Une pointe de regrets vint piquer mon cœur. J'aurais voulu faire partie de ce cadre idyllique, avoir ma place au sein de cette nouvelle existence qu'il avait façonné. J'aurais aimé l'accompagner dans ses missions importantes, qu'il m'apprenne à manier l'épée, à abattre les titans et à construire un avenir à la surface. Mais je n'étais plus que qu'une pièce rapportée, un morceau de puzzle qui ne coïncidait pas avec le sien. Même s'il le voulait, Livaï ne pourrait plus m'intégrer à cette vie qu'il avait construite sans moi.

Ses yeux s'ouvrirent lentement, dévoilant ses pupilles grises à la lueur argentée qui s'abattait sur son visage. Il ne prit pas le temps de s'étirer, et pencha son buste en avant pour amener sa main libre contre ma joue.

- Tu es déjà réveillée ?
- Insomnie, répondis-je doucement, la voix encore enrouée.

Il leva les yeux vers la petite horloge carrée, disposée près du service à thé, et fronça des sourcils en reposant à nouveau son attention sur moi.

- Il n'est que quatre heures du matin, annonça-t-il de sa voix grave et légèrement cassée, tu peux dormir encore deux heures.

J'haussais simplement des épaules.

- Désolée si je t'ai réveillé.
- Non, j'ai plus sommeil moi non plus.

Je lâchais sa main, et fit basculer mes jambes contre les siennes, dans le vide qui séparait le lit du sol. Mes tibia collés aux siens, je laissais doucement tomber ma tête contre lui, front contre front, et fermais les yeux, inspirant profondément l'odeur musquée qui se dégageait de sa peau.

- Que s'est-il passé ? Murmurais-je en ouvrant les yeux.

Je n'avais pas besoin de m'expliquer.

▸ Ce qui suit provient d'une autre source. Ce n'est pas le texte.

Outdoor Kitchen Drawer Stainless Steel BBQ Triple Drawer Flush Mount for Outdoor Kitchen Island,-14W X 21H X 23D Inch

Nous avions jamais eu besoin de ça. Il savait me comprendre, sans trop de mots. Un regard suffisait à expliquer clairement ce que nous ressentions, et où nous voulions en venir. Alors j'espérais que ce lien n'avait pas été brisé, malgré ces nombreuses années de séparation.

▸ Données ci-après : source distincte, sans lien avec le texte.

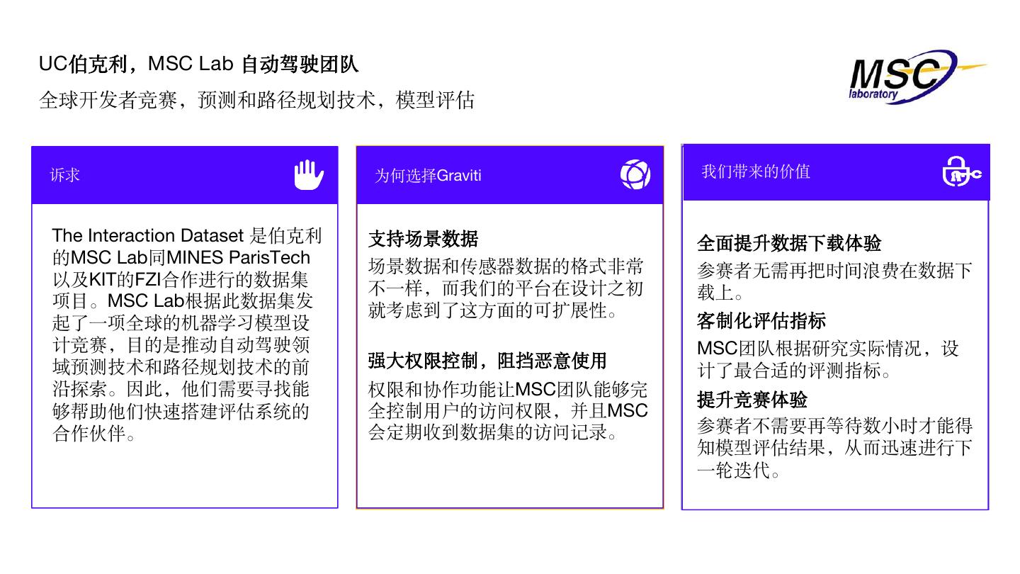 29 .UC伯克利,MSC Lab 自动驾驶团队 全球开发者竞赛,预测和路径规划技术,模型评估 诉求 为何选择Graviti 我们带来的价值 The Interaction Dataset 是伯克利 支持场景数据 全面提升数据下载体验 的MSC Lab同MINES ParisTech 场景数据和传感器数据的格式非常 参赛者无需再把时间浪费在数据下 以及KIT的FZI合作进行的数据集 不一样,而我们的平台在设计之初 项目。MSC Lab根据此数据集发 载上。 就考虑到了这方面的可扩展性。 起了一项全球的机器学习模型设 客制化评估指标 计竞赛,目的是推动自动驾驶领 MSC团队根据研究实际情况,设 域预测技术和路径规划技术的前 强大权限控制,阻挡恶意使用 计了最合适的评测指标。 沿探索。因此,他们需要寻找能 权限和协作功能让MSC团队能够完 提升竞赛体验 够帮助他们快速搭建评估系统的 全控制用户的访问权限,并且MSC 合作伙伴。 会定期收到数据集的访问记录。 参赛者不需要再等待数小时才能得 知模型评估结果,从而迅速进行下 一轮迭代。

Il prit doucement mes joues entre ses paumes, et les caressa de ses pouces.

- Nous étions en mission pour toucher une conséquente somme d'argent, commença-t-il, les paupières closes, ça aurait largement couvert tes soins alors on a rejoint le bataillon sans se poser de questions. On devait simplement voler un document compromettant concernant l'homme qui nous avait engagé, et liquider Erwin.